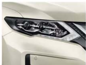
Blanc Lunaire - M - QAB
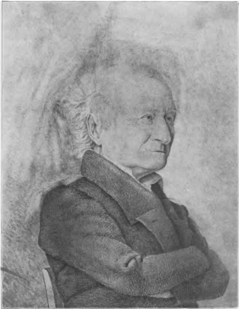
KNUD LYNE RAHBEK.
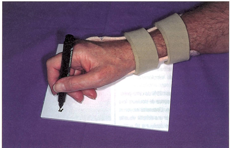
Fig. 5: Activité fonctionnelle facilitée par le port d'une OCR.

Moins d'un tiers des patients étaient concernés par des problèmes d'œdème et de douleurs au repos. La mise en place d'une OCR a permis, en moins de 3 semaines, à raison d'une durée moyenne de 9 heures de port journalier, de résoudre presque totalement ces deux complications. Les résultats de cette étude mettent en évidence un effet biomécanique et circulatoire favorable. Pour cela il est impératif que l'orthèse respecte la position fonctionnelle du poignet et qu'une attention toute particulière soit donnée au réali-
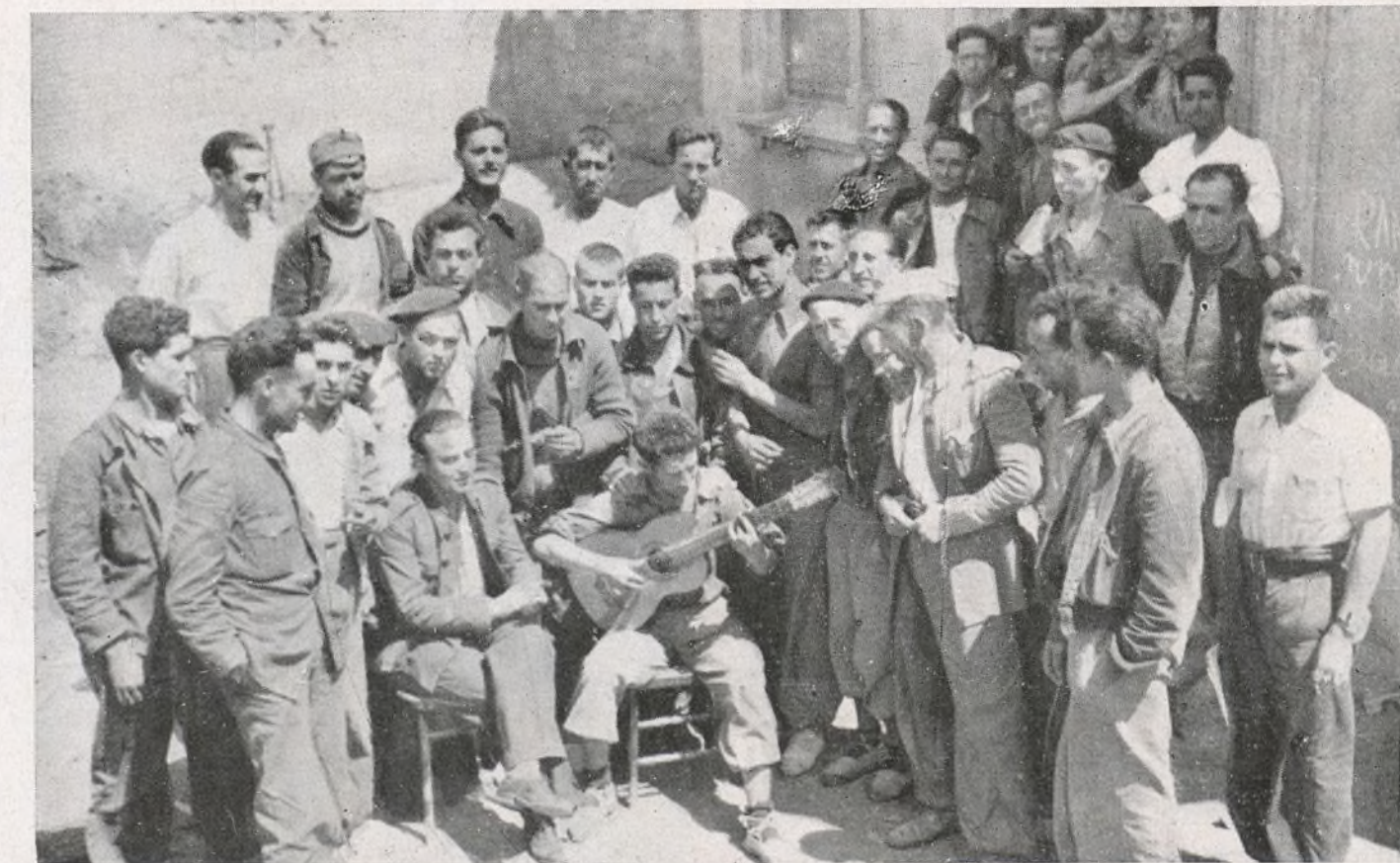
Los futuros oficiales después de dar la clase en la escuela de sargentos, se reúnen con la cordialidad característica en los luchadores del pueblo.

3.ª Es inmejorable. Expresa cuanto de noble tiene el pueblo español,
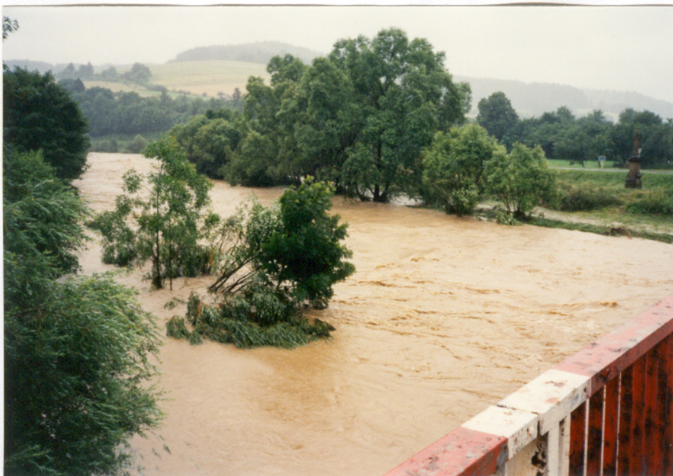
Rozvodněná Bečva v Ústí dne 9.7.1997
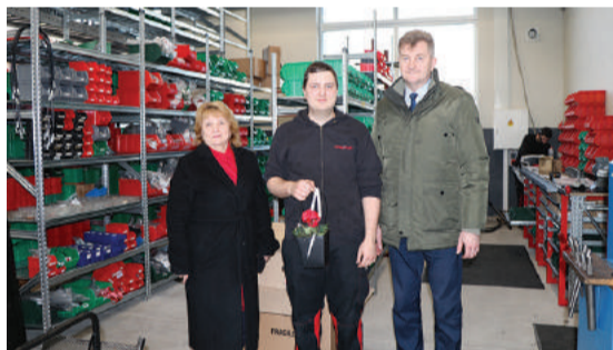
HANSA FLEX HIDRAULIKA Gulbenes nodaļa
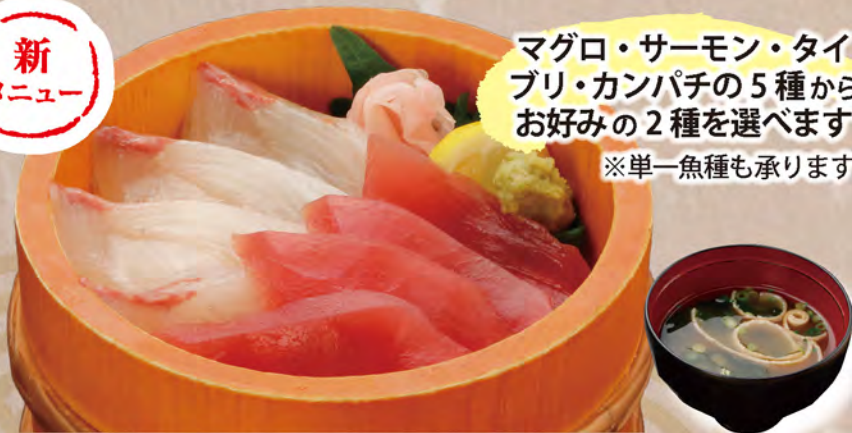
選べる海鮮 二色丼 1,680円 みそ汁付き

マグロ・サーモン・タイ ブリ・カンパチの5種から お好みの2種を選べます ※単一魚種も承ります
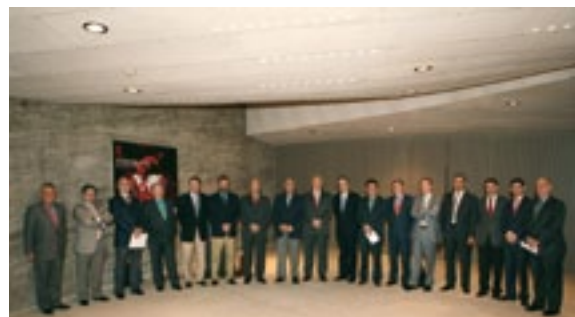
Ponentes y organizadores del III Foro de Internacionalización
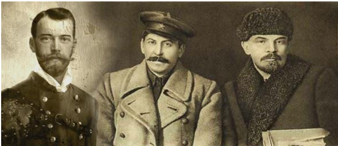
Car Nikolaj II. Stalin a Lenin

A teď už je myslím nad slunce jasnější, proč Stalin projevil tolik umu, aby carskou rodinu zachránil. A také už víme, proč občas opouštěl Moskvu a pokud možno tajně putoval do nějakých sto kilometrů vzdáleného města Serpuchov . V předchozí části už totiž zaznělo, že tam měl bratrance – dobře ukrytého a pod cizím jménem žijícího Nikolaje Romanova . Ty cesty se Sovětskému svazu vyplatily. Stalin totiž od Nikolaje zřejmě získal kódy umožňující přístup k pohádkovému bohatství Romanovců, a tak z jeho části se podařilo zemi připravit na blížící se válku.
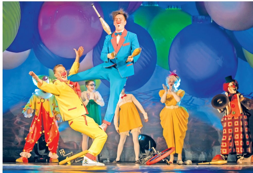
Семьи округа побывали на цирковом представлении «Надо верить в чудеса»

_WHAT IS REQUIRED_:
Answer with the number alone after working out how many lines in the records contain the string "fonctionnelle".

_SOLUTION BELOW_:
2